A month on the wrist: setup and daily use
The Bip 5 is the lightest watch on test at 26 g, and on a slim wrist it is barely there. The Zepp app paired in about 3 minutes and the plastic case and silicone strap caused no irritation across four weeks, although the build feels exactly as budget as the price suggests next to the metal-bezel Suunto. Charging from flat took 2 hours on the magnetic pin charger, but since it runs for 10 days of normal use you rarely think about it.
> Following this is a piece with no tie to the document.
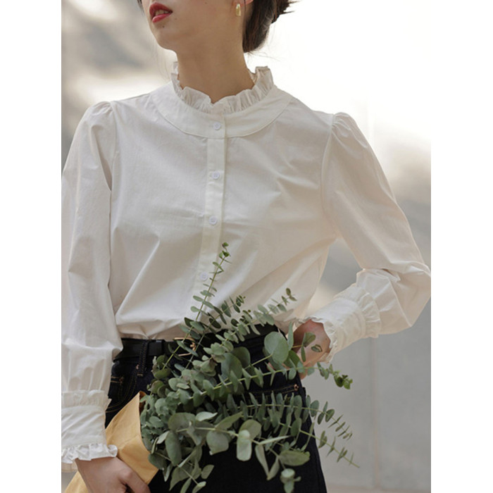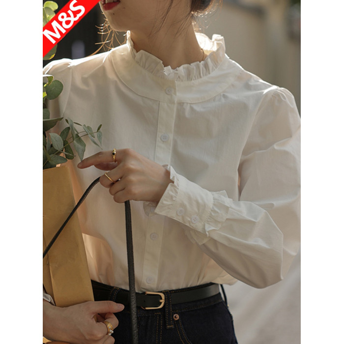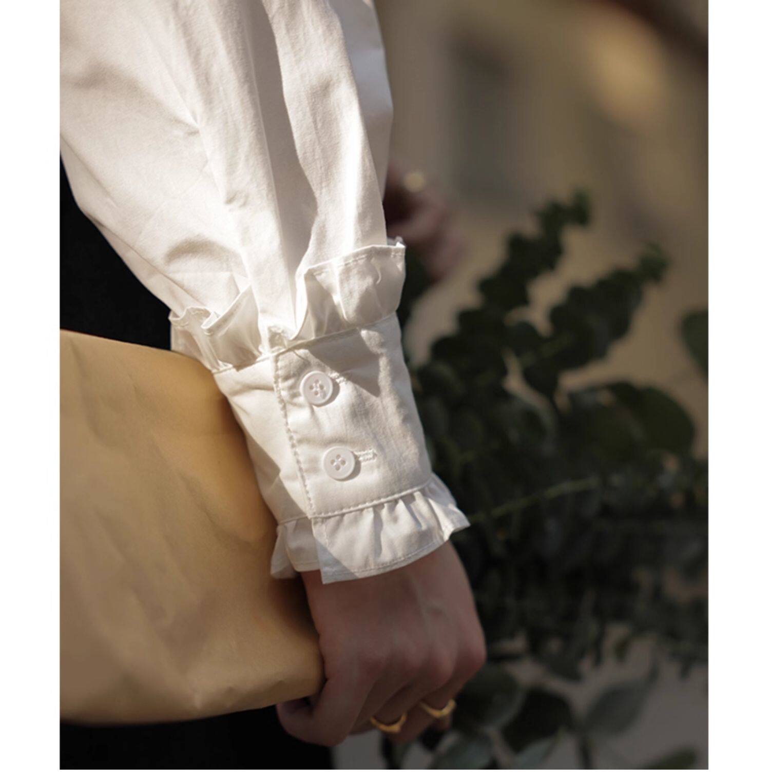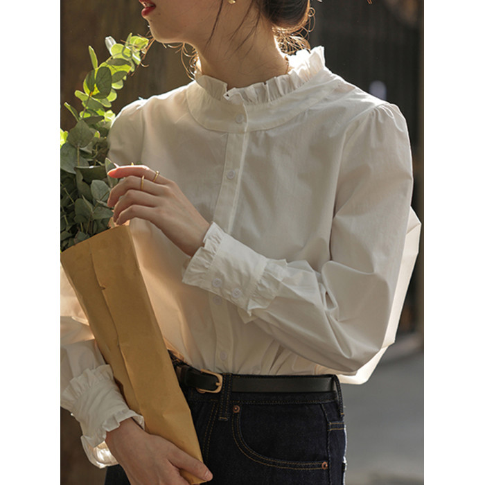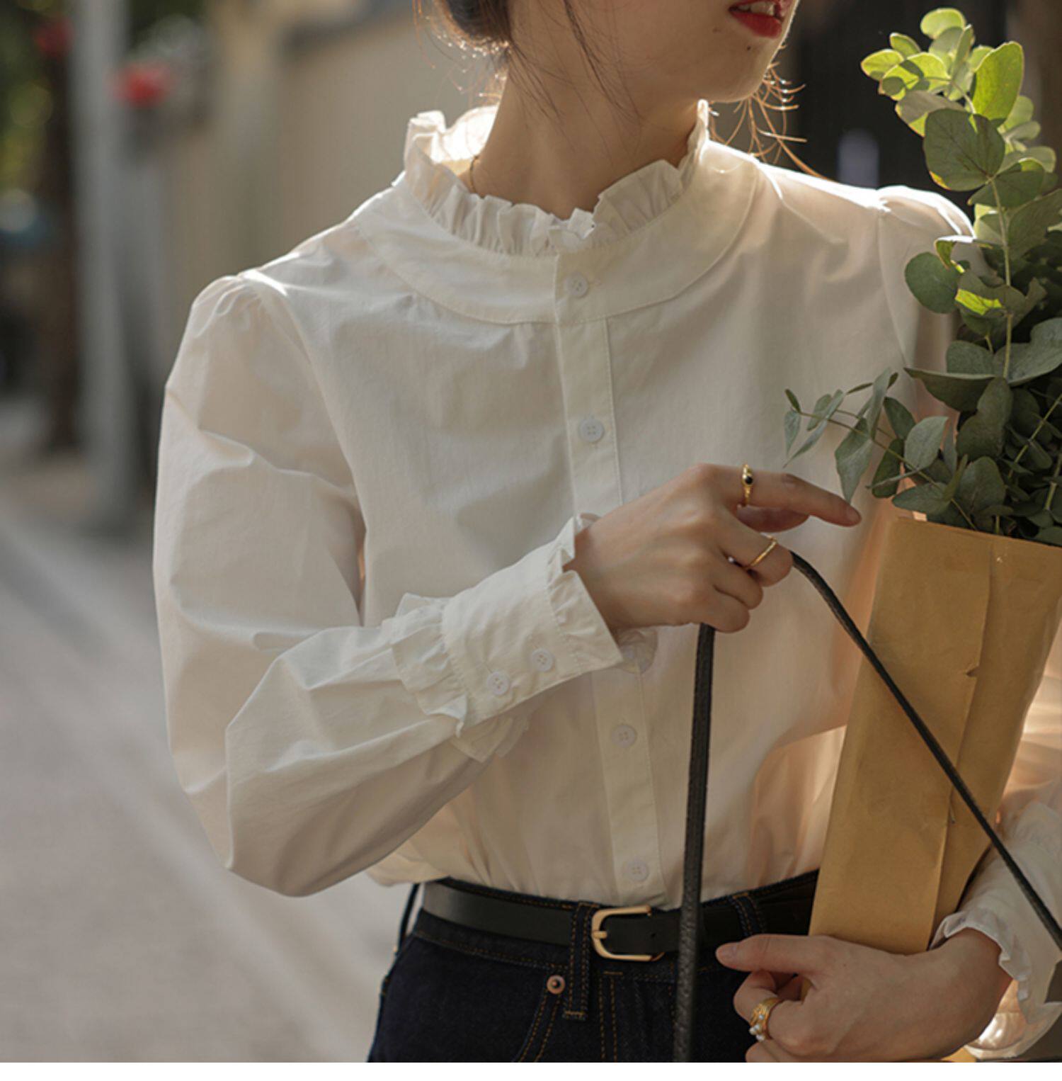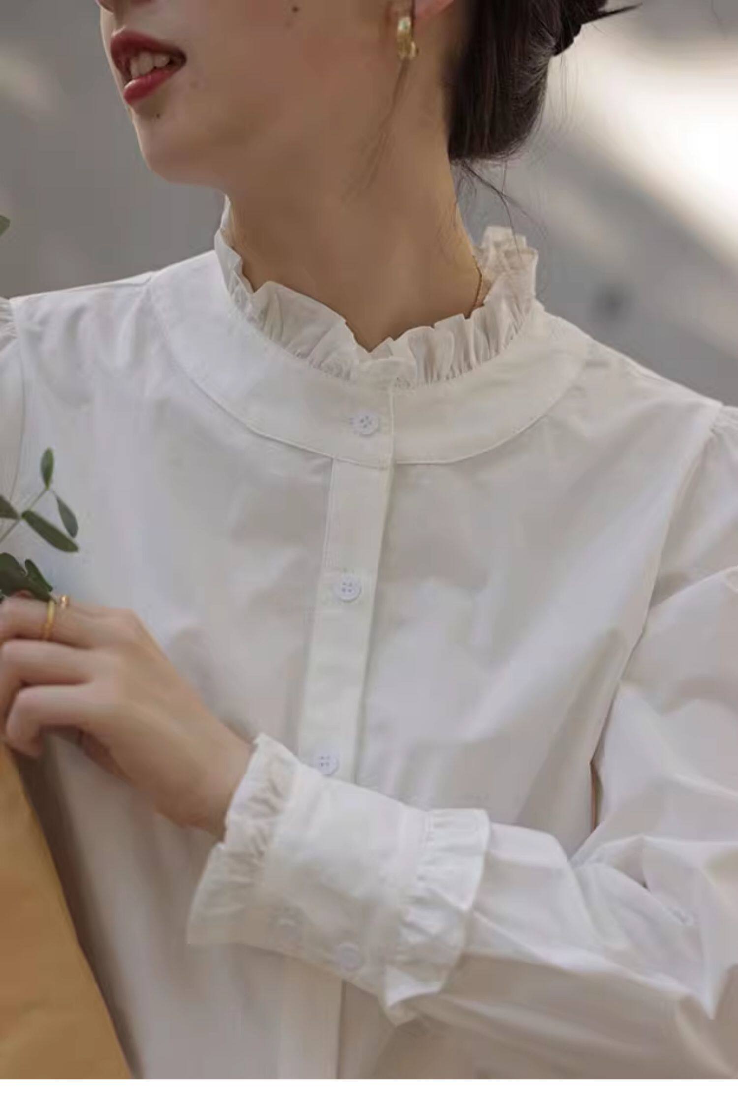 法式白色襯衫上衣女秋季設計感小衆木耳花邊立領高級打底內搭襯衣

The single side button plus touchscreen is simple to learn, the big screen makes mid-run glances effortless, and Bluetooth calls from the wrist are a genuinely useful extra you do not get on watches three times the price.
How it compares
Nothing else here is close on price: at £59.99 the Bip 5 is a fifth of the cost of the Garmin Forerunner 265 and a third of the Coros Pace 3. It even beats the £399 Apple Watch Series 9 on GPS battery, 26 hours against 7. What you give up is precision and depth: single-band GPS drifts up to 3.5% where the dual-frequency watches stay under 1.5%, there is no running power or recovery score, and the LCD is flatter than an AMOLED. As a first watch or a cheap back-up, that trade is easy to make; once you start chasing exact splits, the Coros is the upgrade.
The honest downsides
Two limits define the Bip 5. First, single-band GPS means it is not for precise pacing or measured races, with drift up to 3.5% on hard routes. Second, the IP68 rating covers rain and sweat but not swimming, so triathletes and pool swimmers need a 5 ATM watch instead. Neither is a flaw at the price; they are simply the lines Amazfit drew to hit £59.99.
Best for
The Amazfit Bip 5 is best for new and casual runners who want a big, clear screen and long battery on the tightest budget, and for anyone needing an inexpensive back-up watch. As a first GPS watch it delivers far more than its price suggests.